For this purpose peripheral venal blood of 609 participants of the MACS was incubated with lipopolysaccharide (LPS) and antiCD3/CD28-antibodies. LPS induces a general proinflammatory immune response, whereas antiCD3/CD28 gives rise to a specific T-cell response. The released cytokines were then quantified by a Cytometric Bead Array System (CBA). They reflect the general capacity and responsiveness of the immune system. Additionally, this dissertation incorporates volume data of multiple brain regions measured by a 3-tesla MRI. This data was provided by other members of the MACS.

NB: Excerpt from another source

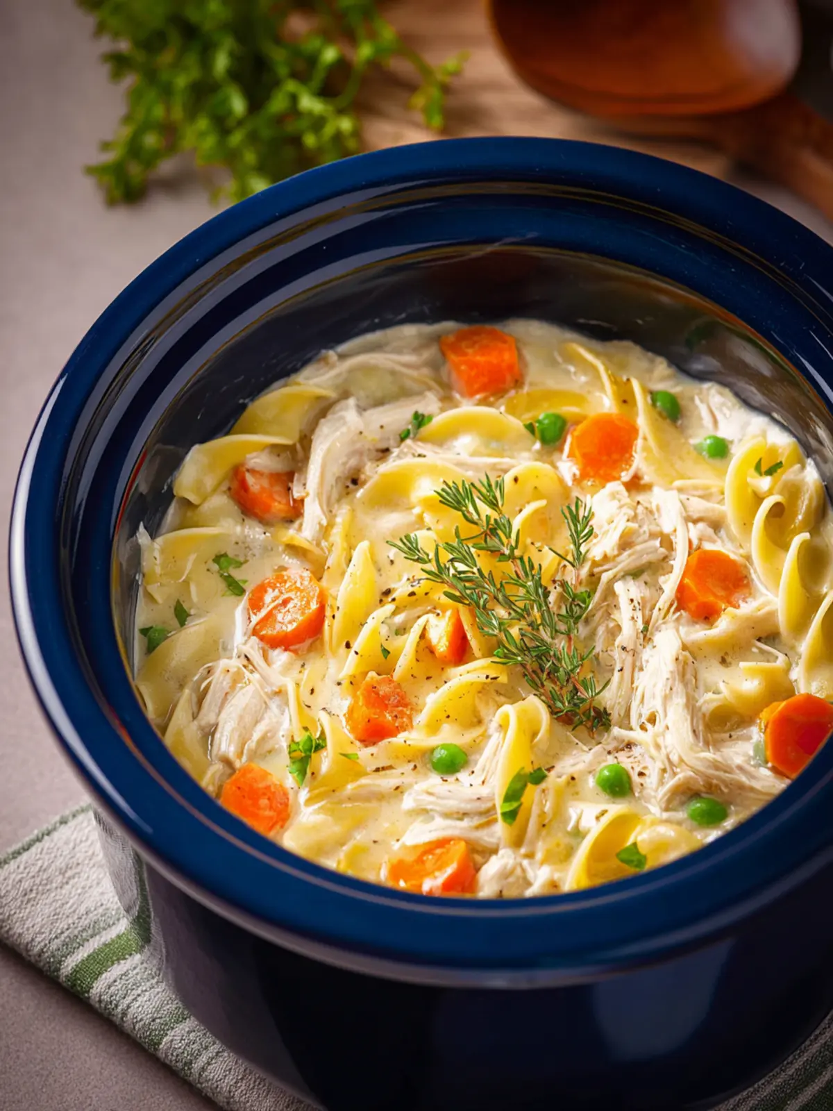 The type of noodles you use matters! Egg noodles hold up beautifully in the slow cooker and absorb the soup’s creaminess without becoming mushy. If using other pasta types, add them during the last 30 minutes of cooking to maintain their texture.
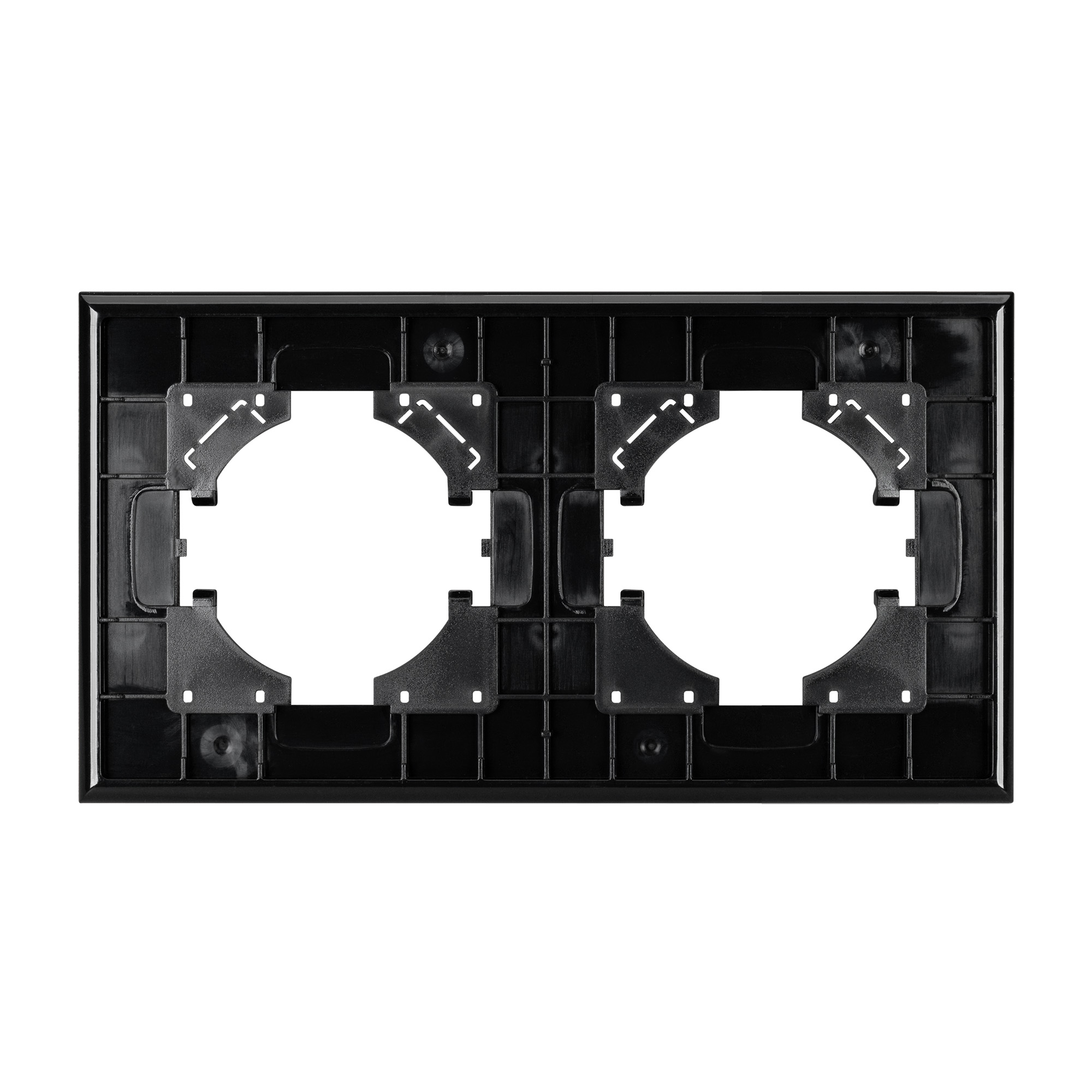 Рамка пластиковая на 2 поста, под встраиваемый механизм, с накладкой из натурального дерева. Цвет накладки - натуральное дерево (осветленный), цвета рамки - черный. Среднего уровня герметичности IP20. Ориентация монтажа - горизонтальная (основным ориентиром служат посадочные выступы для накладки механизма).

While healthy men and affected men show almost identical immune responses, healthy women show significantly higher concentrations of proinflammatory cytokines (IL1-β, TNF-α, IFN-γ, IL17-α und IL12p70) than their ill counterparts. Brain morphometric differences can be detected at the lateral ventricles, the thalamus, the amygdala, the left nucleus caudatus, the right nucleus accumbens und the left hippocampal region. The interaction factors related to the diagnoses, the age and/or the gender show significant values for these brain regions. Furthermore, in logistic regression model IL10 and TNF-α show significant influence on the target variables: Putamen, left nucleus accumbens and the right globus pallidus.
These results strengthen the widely held assumption about a key role of the immune system in the etiopathogenesis of affective disorders. It goes in line with the findings of previous studies indicating various causes of elevated immune parameters, their diverse mechanisms of interaction with the brain and their broad effects on brain function and structure. The cross-sectional design of the present study does not allow for assuming a causal relationship between cytokines and brain volume.
However, the results showing that cytokines are associated with the decreased brain volume are of great importance for the follow-up investigations or new longitudinal studies. In future research, it would be interesting to take into account the immune regulatory effects of antidepressant medication or smoking. Bioparameters measured in this work may contribute to the improvement of diagnostics and therapeutics of affective disorders in the future and thereby reduce the individual and social burden of this disease.